Depois, ele não podia governar porque não controlaria os radicais do PT. Quando os radicais saíram do partido, ele não pode governar porque apelou para a tirania.

Depois, ele não podia governar porque não havia eficiência nas políticas sociais. Quando as políticas sociais começam a funcionar, distribuindo renda e reduzindo a pobreza, ele não pode governar porque tem programas assistencialistas com objetivos eleitorais.

Depois, não podia governar porque distribuiu crédito demais para os mais pobres. O tempo mostrou que o aumento da circulação monetária a partir dos mais pobres não torna inevitável a volta da inflação.

Depois, não podia governar porque era muito amigo dos movimentos sociais, até posava para fotos com o boné do MST. O tempo mostrou que o diálogo com os movimentos sociais não tira pedaço do Estado.

Depois, não podia governar porque os projetos demoravam muito para sair, passando por negociações intermináveis com todos os interessados no assunto. Quando procura resolver mais rápido, não pode governar porque edita muitas medidas provisórias.

Depois, não podia governar porque os ministérios não sabiam gastar direito os recursos disponíveis. Quando os fluxos de liberação orçamentária são organizados, não pode governar porque está liberando recursos demais.

Depois, não podia governar porque tinha dificuldades para demitir os amigos e aliados. Quando demite, não pode governar porque a demissão comprova a culpa dos amigos e aliados.

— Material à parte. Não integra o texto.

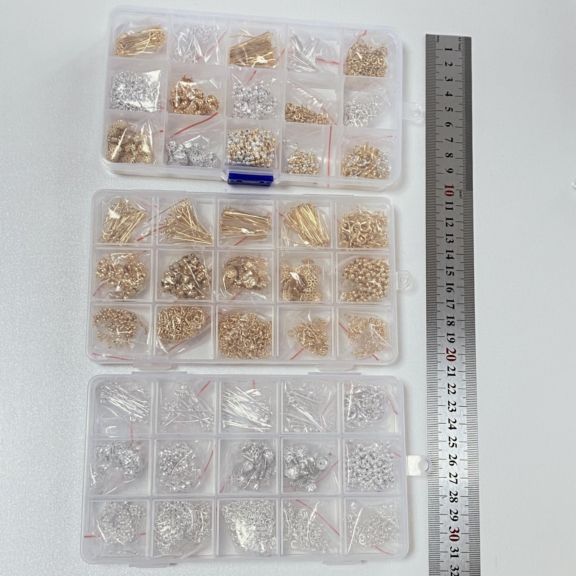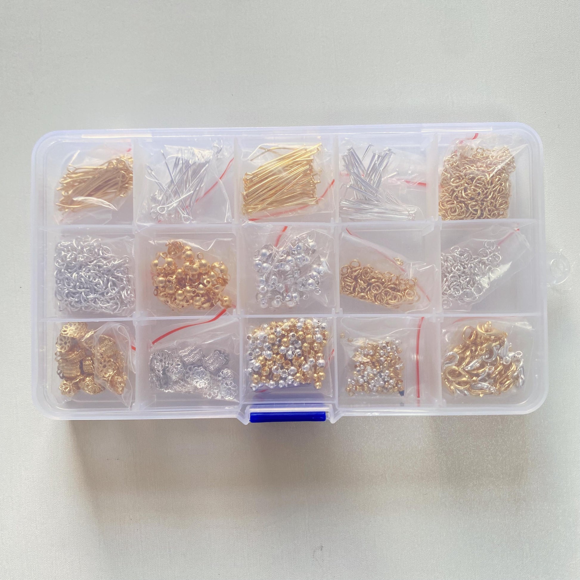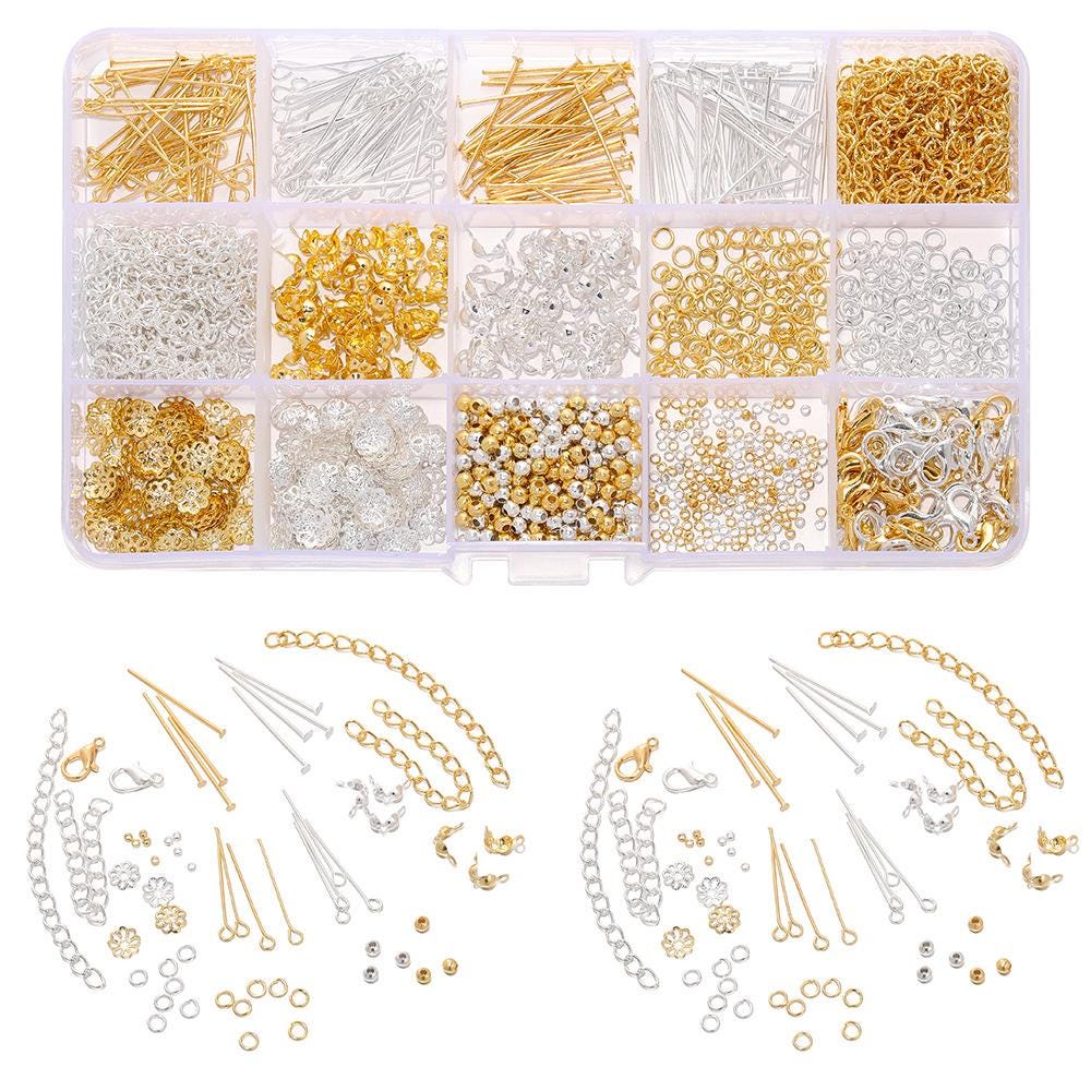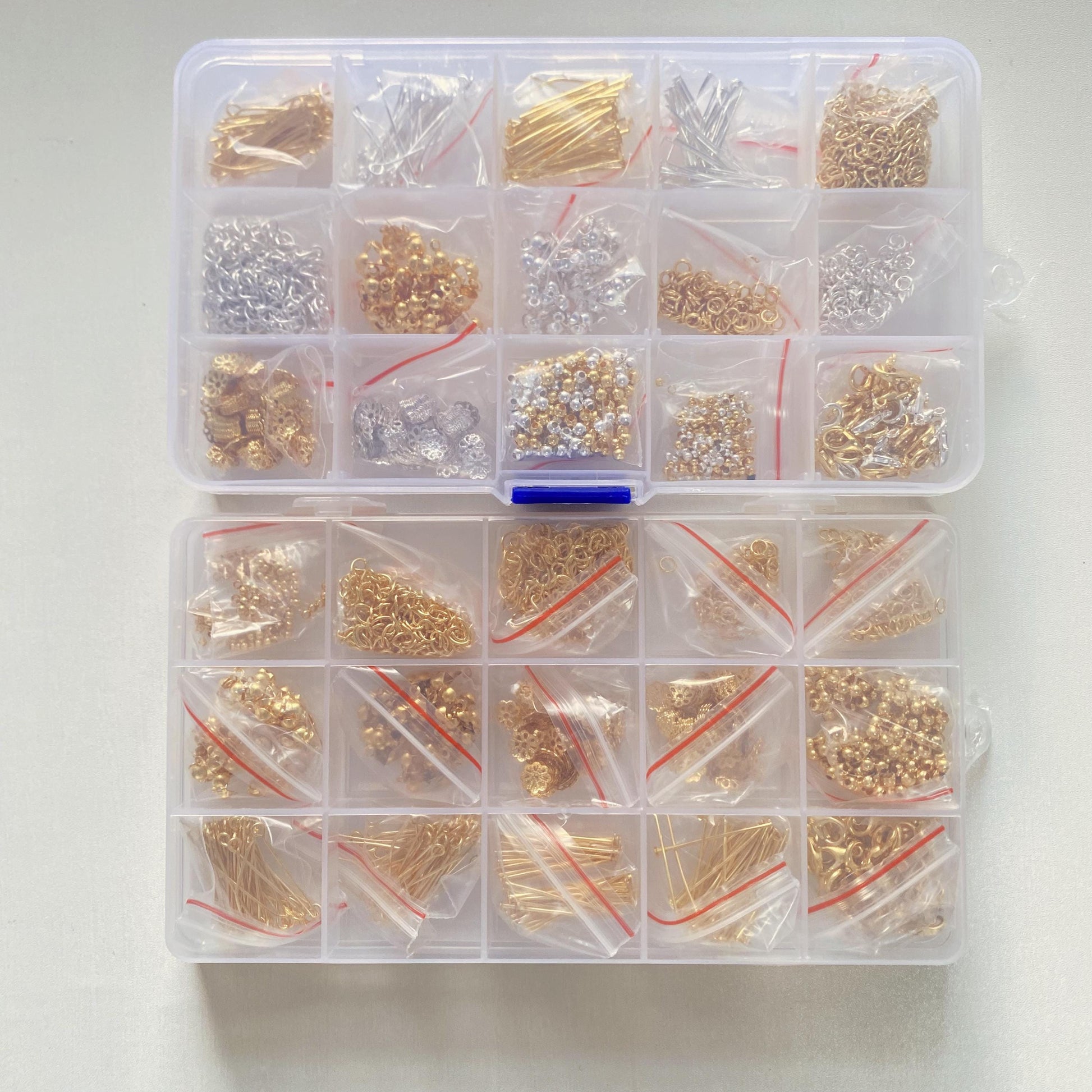 Dieses DIY Schmuck Bastelset mit 15 Fächern enthält eine umfangreiche Auswahl an Schmuckteilen in Gold- oder Silberfarbe. Perfekt für Anfänger und erfahrene Schmuckdesigner - geeignet für Armbänder, Halsketten, Ohrringe oder Reparaturen.

Depois, não podia governar porque o país não suportaria uma crise com escândalos em série por muito tempo. Quando a vida real não se importa com a crise que se arrasta há dez meses, não pode governar porque a crise não acaba.

Depois, não podia governar porque sabe demais sobre o que seus subordinados teriam feito. Quando não se comprova que ele sabia, não pode governar porque nunca sabe de nada.

Depois, não podia governar porque não pagou ao partido a passagem e estadia da mulher na viagem institucional que fizeram à China. Se um amigo faz o ressarcimento, não pode governar porque não explica a origem do dinheiro.

Depois, não podia governar porque os filhos usam regalias do Estado. Quando um filho consegue ser bem sucedido, não pode governar porque o aporte de uma concessionária de serviços públicos fez aporte financeiro em uma empresa, do ramo em que é considerado expert e da qual é sócio com 16% do capital.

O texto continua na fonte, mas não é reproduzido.